One of the amazing graphic facilitation artifacts done by Christopher Fuller of Griot’s Eye at the conference.

Day 2 – Nov 14, 2017

  1. Start with what you can do, but don’t be afraid to ask what other people are doing.
    This ties back into the first message from day 1 a bit, but it’s a little bit of a twist. Often when I see good ideas, I think “I can’t implement that”, and I may be right; I don’t have control of my infrastructure anymore, for example. However, just because I can’t do it, doesn’t mean that I shouldn’t tell people about something I’ve seen, and ask if it fits into their mental model of where we’re going.

  2. The SRE model works when you focus on people, not technology, and reliability (what you can measure and improve).

    Site Reliability Engineering talks were in short supply at this conference, but it permeated throughout. The fundamental truth of focusing on people, rather than technology still holds true with this model; technology breaks because of people. That’s not intended to be a statement of blame, but rather an understanding that technology does what it’s told to do; when things go awry, there’s an opportunity to understand what humane choices to make; is it a misunderstanding of purpose? Was there a missed signal of pending change? Was a change implemented riskily?

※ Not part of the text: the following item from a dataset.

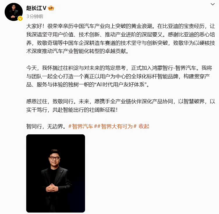 【#赵长江官宣加入智界#】此前备受行业热议的赵长江新去向终于尘埃落地,1月13日,@赵长江v 发博官宣加入智界,出任执行董事及执行副总裁:“今天,我怀揣过往积淀与对未来的笃定思考,正式加入鸿蒙智行-智界汽车。我将与团队一起全心打造一个真正以用户为中心的全球化标杆智能品牌,构建贯穿产品、服务与体验的独树一帜的‘AI时代用户友好体系’。” 1月9日,赵长江曾通过个人微博转发@余承东 智界V9的博文,其IP属地显示为安徽,与智界合作方奇瑞汽车的总部所在地一致。目前,赵长江的官方认证已更新为智界汽车执行董事及执行副总裁。

  3. Service Level Objectives (SLO’s) are crucial to monitoring.
    Operations folks are inundated with logs and other metrics; understanding what the expectations are for the business service is key to understanding what metrics to observe (and what to ignore). You cannot measure reliability effectively without some understanding of what up-time means.

Day 3 – Nov 15, 2017

  1. Foundation of journey is based on a three-legged stool: Service Level Objectives, Value Stream Mapping, and Technical Architecture Map.
    I know, the whole DevOps is a journey thing is a bit tired, but it’s an attempt to represent the fact that everybody’s experience with these principles yield different results, and paths. However, for my current work situation, we’re not going to get far without these three things. We need to understand what the Service is supposed to do, how the people interact with the technology, and how the components of the technology are supposed to work together.
  2. DevOps brings joy to technology; don’t quibble over details, but focus on bringing humanity into technical work.
    Gene Kim’s closing comments reminded me a lot of my #sqlfamily; everybody brings a different perspective on technology, and a different method of solving problems, but the people that impact me most are the folks that do so with joy. They have a passion about what they do, and their goal is to encourage others to move forward (rather than focusing on rigid solutions based on their own experiences).
  3. Patience – all change takes time, and the road is uncertain. Don’t expect overnight successes.

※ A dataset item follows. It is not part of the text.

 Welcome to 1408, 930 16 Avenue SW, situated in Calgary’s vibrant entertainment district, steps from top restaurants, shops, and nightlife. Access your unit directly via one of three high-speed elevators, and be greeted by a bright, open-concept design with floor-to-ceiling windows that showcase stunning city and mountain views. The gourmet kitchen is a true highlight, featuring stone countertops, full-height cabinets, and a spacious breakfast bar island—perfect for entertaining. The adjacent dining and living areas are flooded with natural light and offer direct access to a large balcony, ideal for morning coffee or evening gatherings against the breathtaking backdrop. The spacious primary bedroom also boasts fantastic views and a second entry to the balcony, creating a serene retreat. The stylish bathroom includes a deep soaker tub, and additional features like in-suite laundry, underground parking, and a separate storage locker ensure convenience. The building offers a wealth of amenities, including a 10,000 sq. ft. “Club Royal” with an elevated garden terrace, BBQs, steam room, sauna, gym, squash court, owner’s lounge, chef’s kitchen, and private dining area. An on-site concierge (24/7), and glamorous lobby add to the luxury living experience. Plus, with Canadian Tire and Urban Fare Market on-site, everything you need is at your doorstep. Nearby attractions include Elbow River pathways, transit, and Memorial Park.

    Finally, my head is full of things to think about, and books to read. However, there is no magic pill for implementing change in my organization. It has to happen slow, and it has to be organized by every member of the team who wishes to contribute. It takes time to light a fire, but it is crucial to the success of any DevOps initiative.

Changes… #DevOps, #SRE, and #Management

As many of you know, I’ve been slowly changing focus from database administration to DevOps, management, and service operations. Over the last few years, I’ve been heavily involved with migrating our datacenter to a private cloud infrastructure, and focusing on methods to improve the overall reliability and scalability of my company’s service deliverables. I’ve been a bit of an evangelist for organizational changes, and it’s finally official.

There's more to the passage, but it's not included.